Leveraging quirky talents

Psychotherapist Janet Lawson of Mill Valley, California worked with many teen and young adult clients with social/communication challenges and had an idea.

Wouldn’t it be more effective to facilitate social interaction by showing instead of telling?

“Rather than mandating social interactions or creating artificial social situations, I wanted to help my clients enjoy naturally occurring interactions and conversations in the context of activities that they enjoyed.”

She began with a small group for girls called Girls Who Love Anime. The group met weekly and began making plushies (stuffed creatures) based on their drawings and clothing of their own design.

It was very successful.

Soon after Janet’s husband Dan Swearingen, an astrophysicist/software designer and avid model builder (as well as an Aspie!) joined her and began offering model building classes.

Then Nate Yates joined to lead film-making workshops and Jen Hirt with clay, fabric and stained glass workshops.
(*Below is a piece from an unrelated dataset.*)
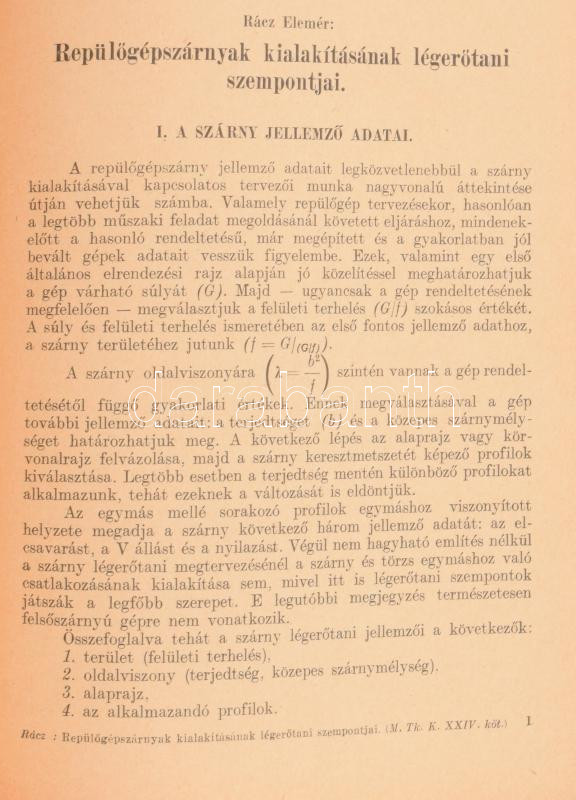 Rácz Elemér: Repülőgépszárnyak kialakításának légerőtani szempontjai.;

Autistry Studios was born and their mission is to help teens and young adults with High Functioning Autism, Asperger Syndrome and other social/communication/learning differences become successful independent adults by leveraging their interests and talents.
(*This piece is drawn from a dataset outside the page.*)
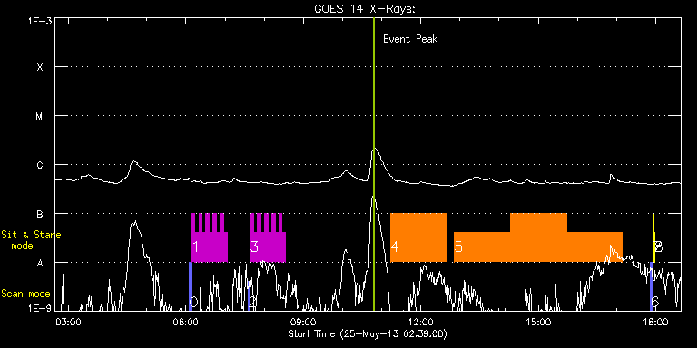 EIS Observation timeline overlay to GOES-Xray curve Code 1" 2" 40" 266" EIS Observations list for this event: STUDY ACRONYM ID DATE OBSERVED DESCRIPTION NOAA# TARGET 0 PRY_slot_contextLITE | 33880 | 2013/05/25 06:05:35 | Full CCD QS Disk Center Context | 1753 | Active Region TIMELINE ID DATE OBSERVED FITS FILE XCEN (+W/-E) YCEN (+N/-S) DUR ----------------------------------------------------------------------------------------------------------------- 33880 | 2013/05/25 06:05:35.000 | eis_l0_20130525_060535.fits.gz | -15.21 | -0.42 | 2m57s 1 HPW023_FULLCCD_300s | 33881 | 2013/05/25 06:08:43 | Full CCD QS Disk Center | | Quiet Sun TIMELINE ID DATE OBSERVED FITS FILE XCEN (+W/-E) YCEN (+N/-S) DUR ----------------------------------------------------------------------------------------------------------------- 33881 | 2013/05/25 06:08:43.000 | eis_l0_20130525_060843.fits.gz | 219.83 | -28.50 | 5m 33881 | 2013/05/25 06:14:10.000 | eis_l0_20130525_061410.fits.gz | 219.91 | -28.42 | 5m 33881 | 2013/05/25 06:19:37.000 | eis_l0_20130525_061937.fits.gz | 219.83 | -28.42 | 5m 33881 | 2013/05/25 06:25:05.000 | eis_l0_20130525_062505.fits.gz | 219.83 | -28.50 | 5m 33881 | 2013/05/25 06:30:32.000 | eis_l0_20130525_063032.fits.gz | 219.91 | -28.50 | 5m 33881 | 2013/05/25 06:35:59.000 | eis_l0_20130525_063559.fits.gz | 219.83 | -28.42 | 5m1s 33881 | 2013/05/25 06:41:27.000 | eis_l0_20130525_064127.fits.gz | 219.83 | -28.50 | 5m 33881 | 2013/05/25 06:46:54.000 | eis_l0_20130525_064654.fits.gz | 219.91 | -28.50 | 5m 33881 | 2013/05/25 06:52:21.000 | eis_l0_20130525_065221.fits.gz | 219.91 | -28.42 | 5m 33881 | 2013/05/25 06:57:49.000 | eis_l0_20130525_065749.fits.gz | 219.83 | -28.35 | 5m 2 PRY_slot_contextLITE | 33882 | 2013/05/25 07:35:33 | Full CCD QS Disk Center Context | 1753 | Active Region TIMELINE ID DATE OBSERVED FITS FILE XCEN (+W/-E) YCEN (+N/-S) DUR ----------------------------------------------------------------------------------------------------------------- 33882 | 2013/05/25 07:35:33.000 | eis_l0_20130525_073533.fits.gz | -15.29 | -0.19 | 2m56s 3 HPW023_FULLCCD_300s | 33883 | 2013/05/25 07:38:41 | Full CCD QS Disk Center | | Quiet Sun TIMELINE ID DATE OBSERVED FITS FILE XCEN (+W/-E) YCEN (+N/-S) DUR ----------------------------------------------------------------------------------------------------------------- 33883 | 2013/05/25 07:38:41.000 | eis_l0_20130525_073841.fits.gz | 100.03 | -28.35 | 5m 33883 | 2013/05/25 07:44:08.000 | eis_l0_20130525_074408.fits.gz | 100.10 | -28.50 | 5m 33883 | 2013/05/25 07:49:35.000 | eis_l0_20130525_074935.fits.gz | 100.03 | -28.50 | 5m1s 33883 | 2013/05/25 07:55:03.000 | eis_l0_20130525_075503.fits.gz | 100.03 | -28.50 | 5m 33883 | 2013/05/25 08:00:30.000 | eis_l0_20130525_080030.fits.gz | 100.10 | -28.50 | 5m 33883 | 2013/05/25 08:05:57.000 | eis_l0_20130525_080557.fits.gz | 100.03 | -28.50 | 5m 33883 | 2013/05/25 08:11:24.000 | eis_l0_20130525_081124.fits.gz | 100.03 | -28.35 | 5m1s 33883 | 2013/05/25 08:16:52.000 | eis_l0_20130525_081652.fits.gz | 100.03 | -28.50 | 5m 33883 | 2013/05/25 08:22:19.000 | eis_l0_20130525_082219.fits.gz | 99.95 | -28.35 | 5m 33883 | 2013/05/25 08:27:46.000 | eis_l0_20130525_082746.fits.gz | 100.03 | -28.58 | 5m 4 eitwave_triggered | 33916 | 2013/05/25 11:13:27 | Observation of coronal (EIT) waves | | Quiet Sun TIMELINE ID DATE OBSERVED FITS FILE XCEN (+W/-E) YCEN (+N/-S) DUR ----------------------------------------------------------------------------------------------------------------- 33916 | 2013/05/25 11:13:27.000 | eis_l0_20130525_111327.fits.gz | 843.55 | -137.47 | 1h25m56s 5 eitwave_triggered | 33918 | 2013/05/25 12:51:13 | Observation of coronal (EIT) waves | | Quiet Sun TIMELINE ID DATE OBSERVED FITS FILE XCEN (+W/-E) YCEN (+N/-S) DUR ----------------------------------------------------------------------------------------------------------------- 33918 | 2013/05/25 12:51:13.000 | eis_l0_20130525_125113.fits.gz | 843.55 | -137.55 | 1h25m56s 33918 | 2013/05/25 14:17:13.000 | eis_l0_20130525_141713.fits.gz | 843.55 | -137.40 | 1h25m56s 33918 | 2013/05/25 15:43:14.000 | eis_l0_20130525_154314.fits.gz | 843.55 | -137.40 | 1h25m56s 6 PRY_slot_contextLITE | 33898 | 2013/05/25 17:52:20 | Measurements during XRT Synoptic | 1753 | Active Region TIMELINE ID DATE OBSERVED FITS FILE XCEN (+W/-E) YCEN (+N/-S) DUR ----------------------------------------------------------------------------------------------------------------- 33898 | 2013/05/25 17:52:20.000 | eis_l0_20130525_175220.fits.gz | -15.29 | -0.50 | 2m57s 7 Alignment_266 | 33899 | 2013/05/25 17:55:57 | Measurements during XRT Synoptic | 1753 | Quiet Sun TIMELINE ID DATE OBSERVED FITS FILE XCEN (+W/-E) YCEN (+N/-S) DUR ----------------------------------------------------------------------------------------------------------------- 33899 | 2013/05/25 17:55:57.000 | eis_l0_20130525_175557.fits.gz | -132.57 | -0.50 | 1m22s 8 XRT_synop_AIA | 33900 | 2013/05/25 17:58:19 | Measurements during XRT Synoptic | 1753 | Quiet Sun TIMELINE ID DATE OBSERVED FITS FILE XCEN (+W/-E) YCEN (+N/-S) DUR ----------------------------------------------------------------------------------------------------------------- 33900 | 2013/05/25 17:58:19.000 | eis_l0_20130525_175819.fits.gz | -132.64 | -0.50 | 10s : Check study information : Download file : View thumbnails For this event, also check for:

The workshops begin with an exploration of interests: what does the student really like to do, read about or dream of creating? Individuals on the Autistic Spectrum often have difficulty applying themselves to tasks in which they have no personal interest. In school they excel in some classes and fail at others. Their success rate is directly proportional to their interest.

Workshop leaders teach new skills by doing, working with the students and assisting them when they get stuck. This way, students gain insight into their own strengths and weaknesses as workers and students and learn to be problem solvers.

“As the mother of one of the first participants in Autistry Studios,” says Katherine Edwinson, “I have witnessed how the staff embraces the students and gently pushes them to develop skills that enable them to interact more successfully with other people.”


In California 90% of adults on the autism spectrum are unemployed. For the 10% who have found employment they are earning less than $5,000 a year.

In response, Autistry Studios is seeking grants to create Autistry Graphics, envisioned as the first of many small business enterprises, to employ adults with ASD and support their independent employment at external companies. Through a new and innovative employment model designed specifically for adults with ASD, Autistry Graphics will provide training, initial employment, placement support, and retraining and re-placement, as needed.

“Autistry Graphics program will interface well with our Autism Spectrum Graduate program,” says Dr. Pamela Wolfberg of the Autism Spectrum Graduate Program (Project Mosaic). “The Autistry Graphics program offers educators and related professionals a rare opportunity to learn how best to serve the vocational needs of individuals on the autism spectrum.”

I think this kind of forward thinking is so important, don’t you? Our children will not be children forever.